Nei primi minuti gli Yanks non sono partiti benissimo, per poi riprendersi fino al goal dell'Austria al 33' firmato da Marc Janko su un cross dalla fascia destra, non benissimo il giovane Brooks, reduce da un infortunio abbastanza pesante. Il centrale dell'Hertha Berlino non è stato reattivo nel calciare fuori la palla dopo il velo di un giocatore austriaco, praticamente l'unica occasione vera e propria concessa in tutto il match.

Prima del goal, però, proteste americane per un goal non convalidato su un colpo di testa di Cameron, le immagini confermano che la palla è entrata.

Reazione dopo il goal austriaco con una buonissima occasione sprecata da Bradley che ha calciato addosso ad un difensore da posizione favorevolissima su un bell'assist di Jozy Altidore. Pochi minuti dopo è lo stesso Altidore a sfiorare il goal del pareggio su calcio d'angolo, palla fuori di pochissimo, situazione favorevole, ma non sfruttata.
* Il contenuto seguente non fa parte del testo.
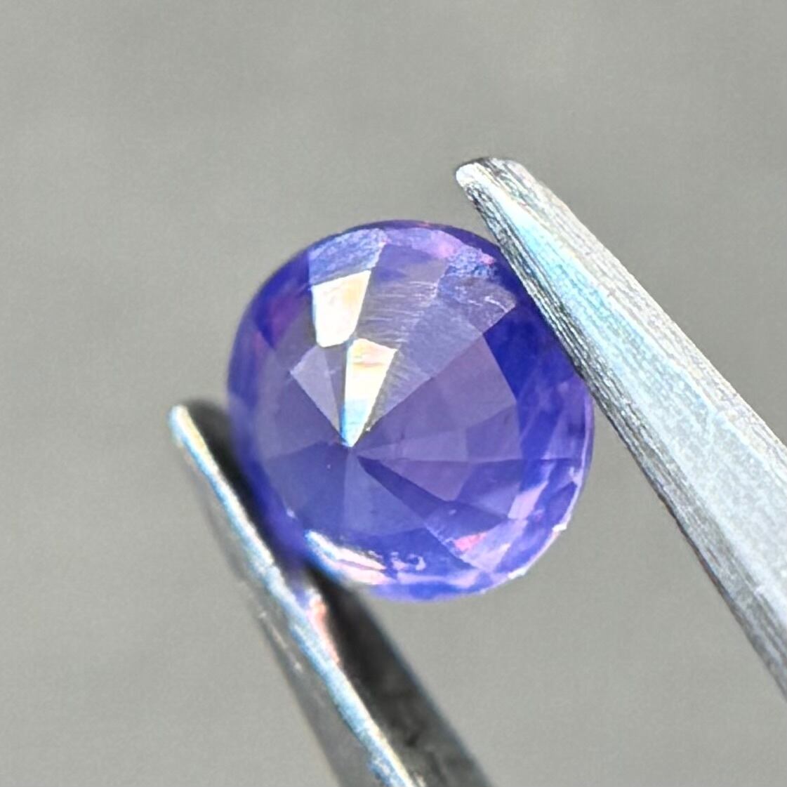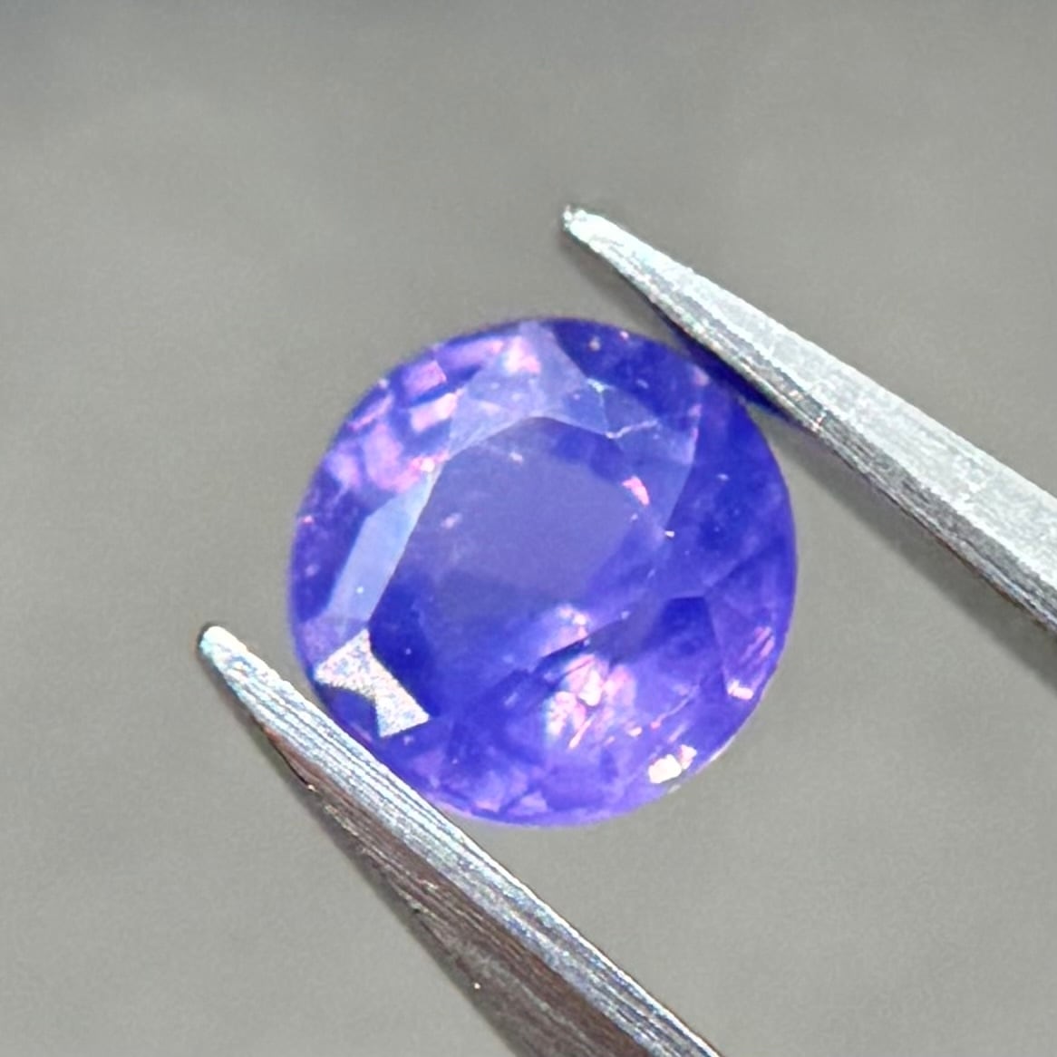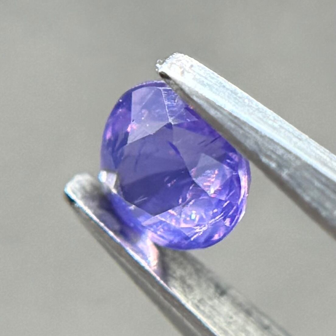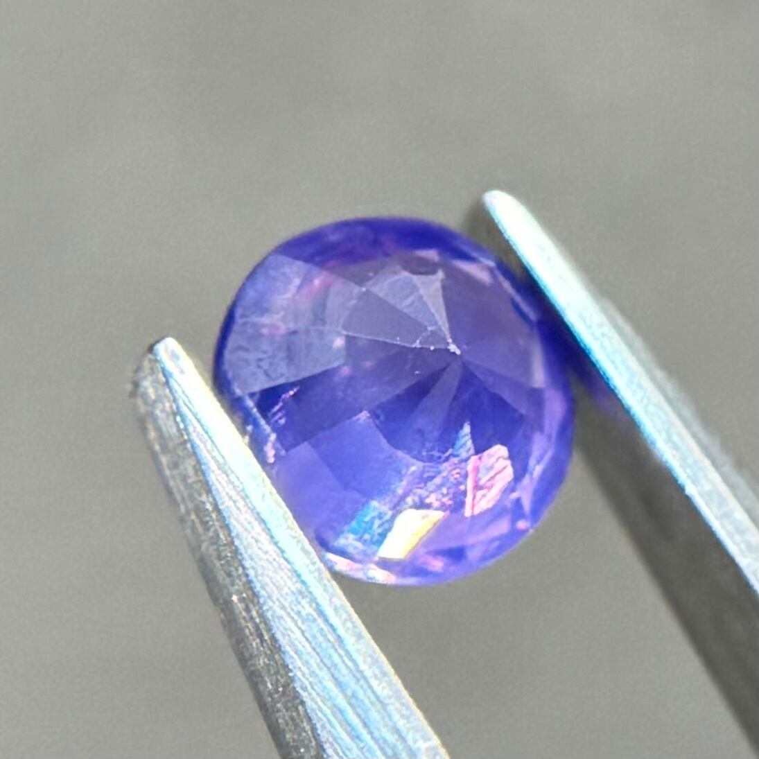 ビビッドなパープルにピンクのテリが夜桜のようで美しいシルキーサファイアです。クラッキングが多め&カットが少し甘いですが、色のノリがとても美しいです

La seconda frazione di gioco è stata un dominio a stelle e strisce con picchi di possesso palla pari all'85% ma la sfera non ne ha voluto sapere di entrare nella porta difesa da Almer. Clamorosissima l'occasione capitata sui piedi di Cameron a nemmeno 3 metri dalla porta, miracoloso Almer. Negli ultimi venti minuti è ancora il centravanti del Sunderland Altidore a non sfruttare al meglio una situazione di gioco con un destro centrale da buonissima posizione. Gli austriaci, chiusi nella loro metà campo, ci hanno provato nell'ultima azione del match senza fortuna.

Una sconfitta che non può lasciare contenti, ma che può dare diversi spunti: Cameron da terzino ha reso molto bene, ed è il suo ruolo da titolare nello Stoke City. Altra buona prestazione di Omar Gonzalez, mentre deve ancora crescere il suo partner Brooks (20 anni) che avrà tutto il resto della Bundesliga con l'Hertha dov'è un titolare. Ma anche la mancanza di un centrocampista in grado di dare più qualità. Tutto questo senza scordare le assenze di giocatori molto importanti come Besler, Fabian Johnson, Zusi, Donovan e Dempsey fra gli altri.

Per gli USA si chiude un bellissimo 2013; il primo posto nel girone di qualificazione della CONCACAF con il doppio dei punti del Messico (22 contro 11), la vittoria a Columbus ed il pareggio all'Azteca proprio contro la tricolor (che non vince dal 2011), la Gold Cup conquistata grazie alla rete di Brek Shea nella finale, la 4° dal 2000 ad oggi. 16 vittorie (12 di fila), 4 sconfitte e 3 pareggi il bottino totale, il miglior anno per percentuale di vittorie nella storia della nazionale americana.

Ora appuntamento a gennaio, per il camp a Los Angeles, buona fortuna U.S. men's national team.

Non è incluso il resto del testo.